→ REQUIRED ACTION
Beginning at the line that contains "The tensile performance" and finishing at the line that contains "Now she’s dropped", output the data below exactly. Include both end lines and no pictures.

→ LISTED ENTRIES
+++++
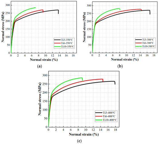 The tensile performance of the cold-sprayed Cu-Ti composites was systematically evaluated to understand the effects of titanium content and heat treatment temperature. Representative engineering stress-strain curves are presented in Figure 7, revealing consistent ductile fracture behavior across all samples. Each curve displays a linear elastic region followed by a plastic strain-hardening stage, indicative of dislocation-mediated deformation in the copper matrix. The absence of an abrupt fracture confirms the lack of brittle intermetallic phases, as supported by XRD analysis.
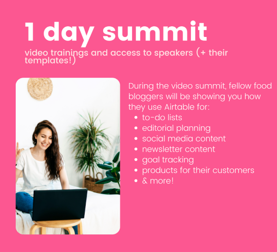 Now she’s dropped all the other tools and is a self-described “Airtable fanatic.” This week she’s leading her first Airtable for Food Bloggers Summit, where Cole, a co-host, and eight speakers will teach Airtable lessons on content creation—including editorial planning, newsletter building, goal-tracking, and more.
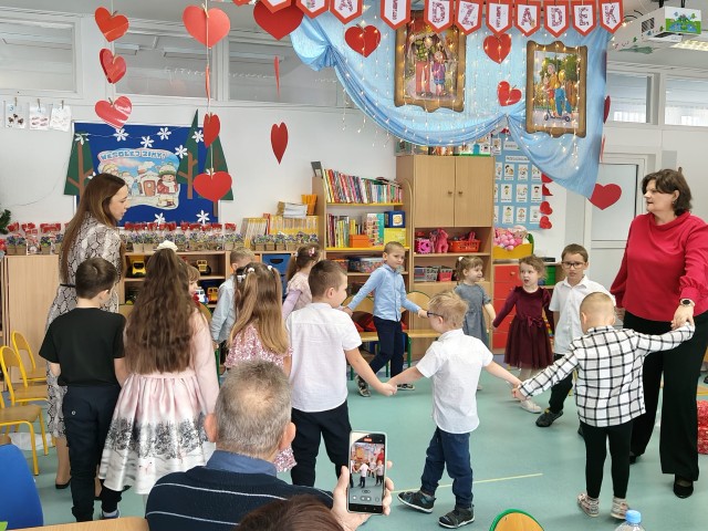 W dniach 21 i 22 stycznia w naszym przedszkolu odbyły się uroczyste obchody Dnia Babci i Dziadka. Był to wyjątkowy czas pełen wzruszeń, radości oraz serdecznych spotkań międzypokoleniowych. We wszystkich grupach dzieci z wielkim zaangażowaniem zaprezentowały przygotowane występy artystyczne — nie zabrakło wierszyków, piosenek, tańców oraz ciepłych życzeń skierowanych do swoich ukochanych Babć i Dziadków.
+++++
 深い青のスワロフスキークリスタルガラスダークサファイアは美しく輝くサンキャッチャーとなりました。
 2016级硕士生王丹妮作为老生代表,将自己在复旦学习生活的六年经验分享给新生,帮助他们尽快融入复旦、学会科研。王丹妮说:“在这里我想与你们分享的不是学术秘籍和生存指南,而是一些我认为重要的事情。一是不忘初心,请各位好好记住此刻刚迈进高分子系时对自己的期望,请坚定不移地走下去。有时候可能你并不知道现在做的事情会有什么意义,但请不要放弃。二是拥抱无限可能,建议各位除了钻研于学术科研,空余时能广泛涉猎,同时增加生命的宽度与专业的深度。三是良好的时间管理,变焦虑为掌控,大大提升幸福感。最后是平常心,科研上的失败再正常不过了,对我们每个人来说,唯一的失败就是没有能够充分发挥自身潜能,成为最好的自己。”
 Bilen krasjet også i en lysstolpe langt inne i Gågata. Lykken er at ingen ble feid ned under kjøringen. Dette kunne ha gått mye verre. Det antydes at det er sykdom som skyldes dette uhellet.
+++++
→ TASK RESULT
 The tensile performance of the cold-sprayed Cu-Ti composites was systematically evaluated to understand the effects of titanium content and heat treatment temperature. Representative engineering stress-strain curves are presented in Figure 7, revealing consistent ductile fracture behavior across all samples. Each curve displays a linear elastic region followed by a plastic strain-hardening stage, indicative of dislocation-mediated deformation in the copper matrix. The absence of an abrupt fracture confirms the lack of brittle intermetallic phases, as supported by XRD analysis.
 Now she’s dropped all the other tools and is a self-described “Airtable fanatic.” This week she’s leading her first Airtable for Food Bloggers Summit, where Cole, a co-host, and eight speakers will teach Airtable lessons on content creation—including editorial planning, newsletter building, goal-tracking, and more.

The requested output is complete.